[Supplied material — start]
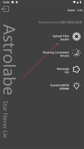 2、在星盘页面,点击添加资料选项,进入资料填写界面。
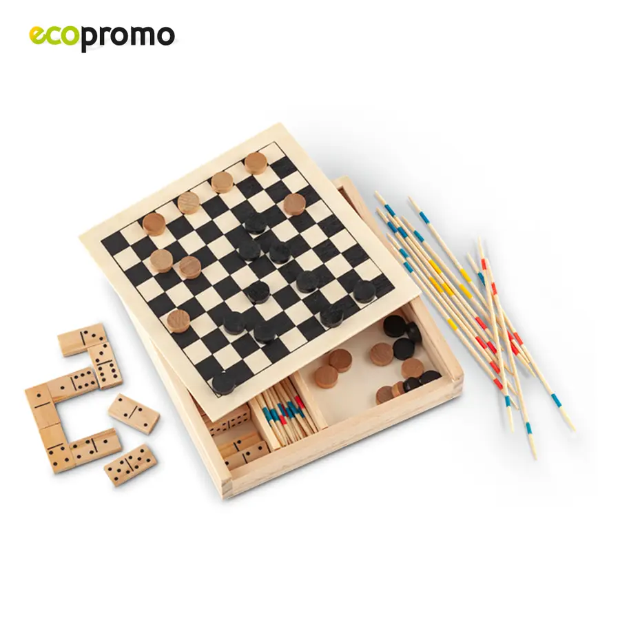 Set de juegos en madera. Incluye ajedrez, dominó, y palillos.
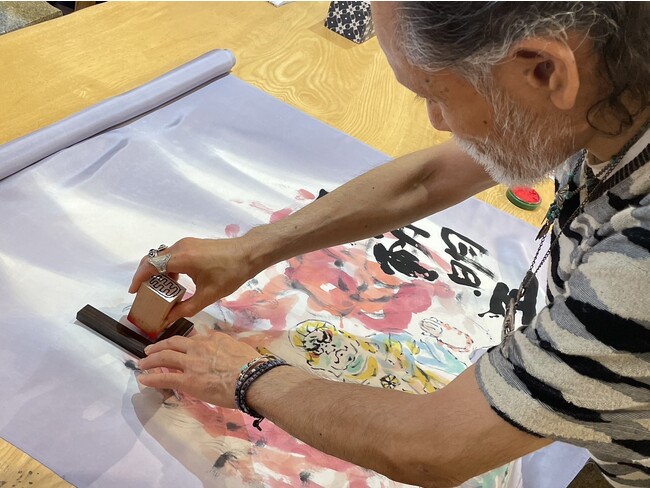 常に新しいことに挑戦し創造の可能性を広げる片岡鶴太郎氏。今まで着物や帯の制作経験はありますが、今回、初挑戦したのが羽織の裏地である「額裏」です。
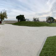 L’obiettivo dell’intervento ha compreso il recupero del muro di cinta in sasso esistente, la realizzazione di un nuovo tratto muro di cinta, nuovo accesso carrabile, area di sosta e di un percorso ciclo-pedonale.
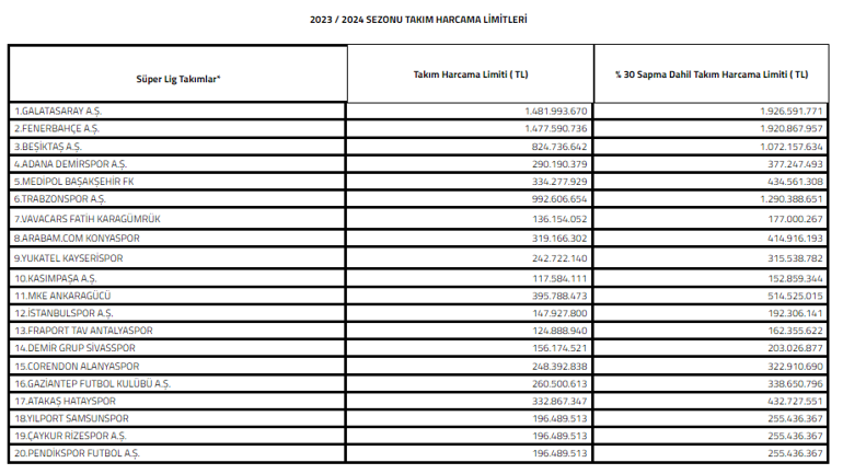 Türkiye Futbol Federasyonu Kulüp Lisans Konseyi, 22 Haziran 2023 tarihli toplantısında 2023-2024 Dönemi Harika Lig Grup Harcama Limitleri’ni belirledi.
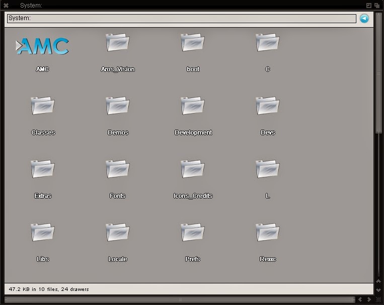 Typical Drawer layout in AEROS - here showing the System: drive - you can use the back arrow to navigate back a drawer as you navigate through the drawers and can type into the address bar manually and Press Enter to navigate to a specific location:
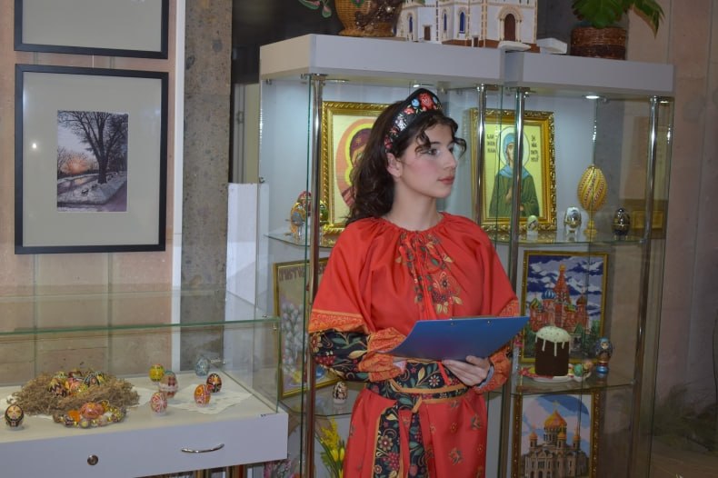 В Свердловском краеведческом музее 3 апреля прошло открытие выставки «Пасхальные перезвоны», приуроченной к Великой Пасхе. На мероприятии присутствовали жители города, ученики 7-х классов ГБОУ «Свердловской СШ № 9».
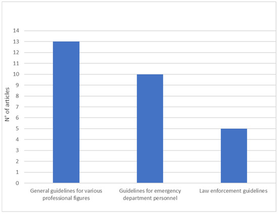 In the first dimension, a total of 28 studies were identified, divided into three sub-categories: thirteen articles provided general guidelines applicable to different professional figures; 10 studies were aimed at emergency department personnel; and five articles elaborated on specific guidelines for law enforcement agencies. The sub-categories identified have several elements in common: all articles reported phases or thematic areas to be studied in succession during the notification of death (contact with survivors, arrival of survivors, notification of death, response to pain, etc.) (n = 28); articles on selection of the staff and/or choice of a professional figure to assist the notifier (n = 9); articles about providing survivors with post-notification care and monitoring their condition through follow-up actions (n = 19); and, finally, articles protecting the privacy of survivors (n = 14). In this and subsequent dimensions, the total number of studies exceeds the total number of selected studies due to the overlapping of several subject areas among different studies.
[Supplied material — finish]
Return the lines of the data above in full and exactly, with no pictures.

 2、在星盘页面,点击添加资料选项,进入资料填写界面。
 Set de juegos en madera. Incluye ajedrez, dominó, y palillos.
 常に新しいことに挑戦し創造の可能性を広げる片岡鶴太郎氏。今まで着物や帯の制作経験はありますが、今回、初挑戦したのが羽織の裏地である「額裏」です。
 L’obiettivo dell’intervento ha compreso il recupero del muro di cinta in sasso esistente, la realizzazione di un nuovo tratto muro di cinta, nuovo accesso carrabile, area di sosta e di un percorso ciclo-pedonale.
 Türkiye Futbol Federasyonu Kulüp Lisans Konseyi, 22 Haziran 2023 tarihli toplantısında 2023-2024 Dönemi Harika Lig Grup Harcama Limitleri’ni belirledi.
 Typical Drawer layout in AEROS - here showing the System: drive - you can use the back arrow to navigate back a drawer as you navigate through the drawers and can type into the address bar manually and Press Enter to navigate to a specific location:
 В Свердловском краеведческом музее 3 апреля прошло открытие выставки «Пасхальные перезвоны», приуроченной к Великой Пасхе. На мероприятии присутствовали жители города, ученики 7-х классов ГБОУ «Свердловской СШ № 9».
 In the first dimension, a total of 28 studies were identified, divided into three sub-categories: thirteen articles provided general guidelines applicable to different professional figures; 10 studies were aimed at emergency department personnel; and five articles elaborated on specific guidelines for law enforcement agencies. The sub-categories identified have several elements in common: all articles reported phases or thematic areas to be studied in succession during the notification of death (contact with survivors, arrival of survivors, notification of death, response to pain, etc.) (n = 28); articles on selection of the staff and/or choice of a professional figure to assist the notifier (n = 9); articles about providing survivors with post-notification care and monitoring their condition through follow-up actions (n = 19); and, finally, articles protecting the privacy of survivors (n = 14). In this and subsequent dimensions, the total number of studies exceeds the total number of selected studies due to the overlapping of several subject areas among different studies.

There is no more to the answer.